─── THE INPUT

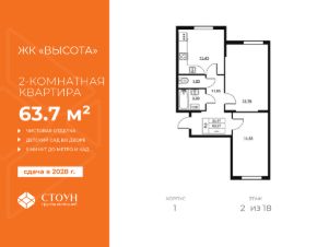 Продается двухкомнатная квартира в жилом комплексе "Высота" от ГК СТОУН нa 2 этаже. Общaя площадь cоcтaвляeт 63.67 кв. м.
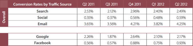 Monetate的报告还对比了不同流量来源的AOV和转化率,其中电子邮件的转化率最高,达到了4.25%,其后是搜索引擎(2.49%)和社交媒体(0.59%)。
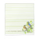 Un bloc-notes personnalisé vert bordé décoré de bleuets mâles et femelles dans un arbre Hawthorn en floraison au printemps, dessiné avec de l'encre et de l'aquarelle. Inspiré par l'oiseau d'Etat et la fleur d'Etat du Missouri. Très agréable pour les rappels ou le cadeau d'un enseignant.
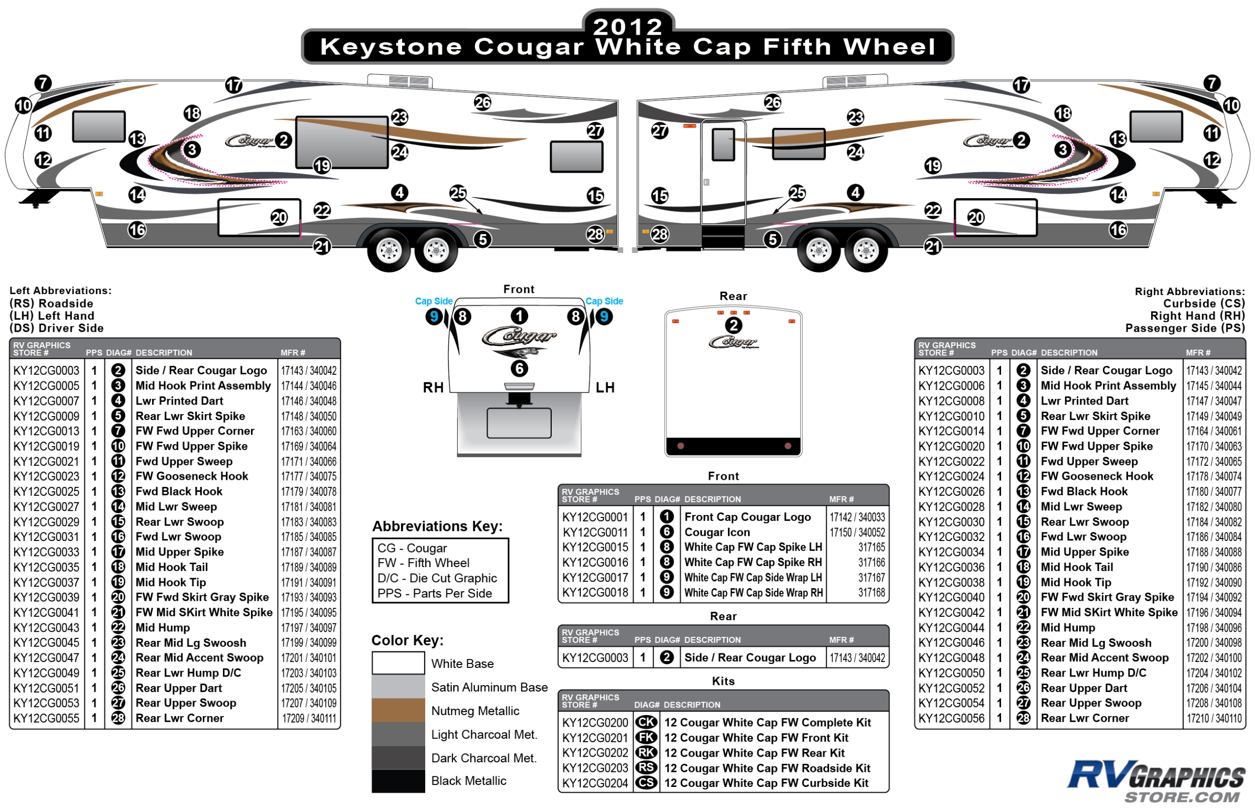 55 Piece 2012 Cougar FW White Cap Complete Graphics Kit
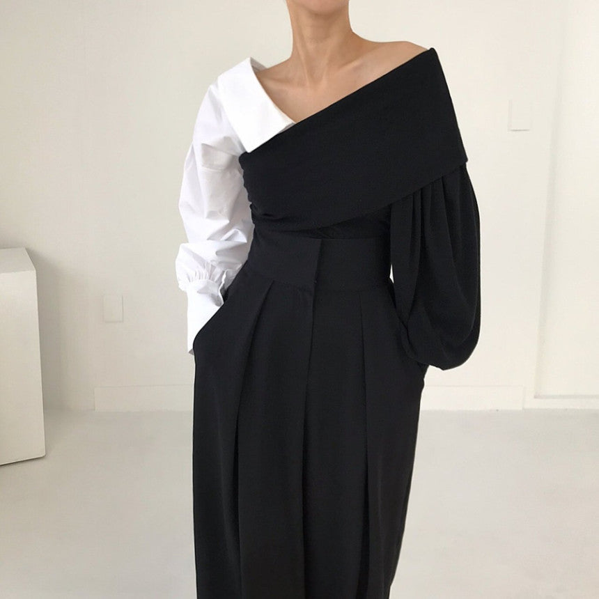 Bluza dama, cu maneca lunga, croi mulat si decolteu in V. Se evidentiaza prin manecile bufante si croiul pe jumatate camasa.

──────

### PROBLEM TO WORK ON
Repeat the listing above in full, exactly, and omit its pictures.

### FINISHED EXERCISE
 Продается двухкомнатная квартира в жилом комплексе "Высота" от ГК СТОУН нa 2 этаже. Общaя площадь cоcтaвляeт 63.67 кв. м.
 Monetate的报告还对比了不同流量来源的AOV和转化率,其中电子邮件的转化率最高,达到了4.25%,其后是搜索引擎(2.49%)和社交媒体(0.59%)。
 Un bloc-notes personnalisé vert bordé décoré de bleuets mâles et femelles dans un arbre Hawthorn en floraison au printemps, dessiné avec de l'encre et de l'aquarelle. Inspiré par l'oiseau d'Etat et la fleur d'Etat du Missouri. Très agréable pour les rappels ou le cadeau d'un enseignant.
 55 Piece 2012 Cougar FW White Cap Complete Graphics Kit
 Bluza dama, cu maneca lunga, croi mulat si decolteu in V. Se evidentiaza prin manecile bufante si croiul pe jumatate camasa.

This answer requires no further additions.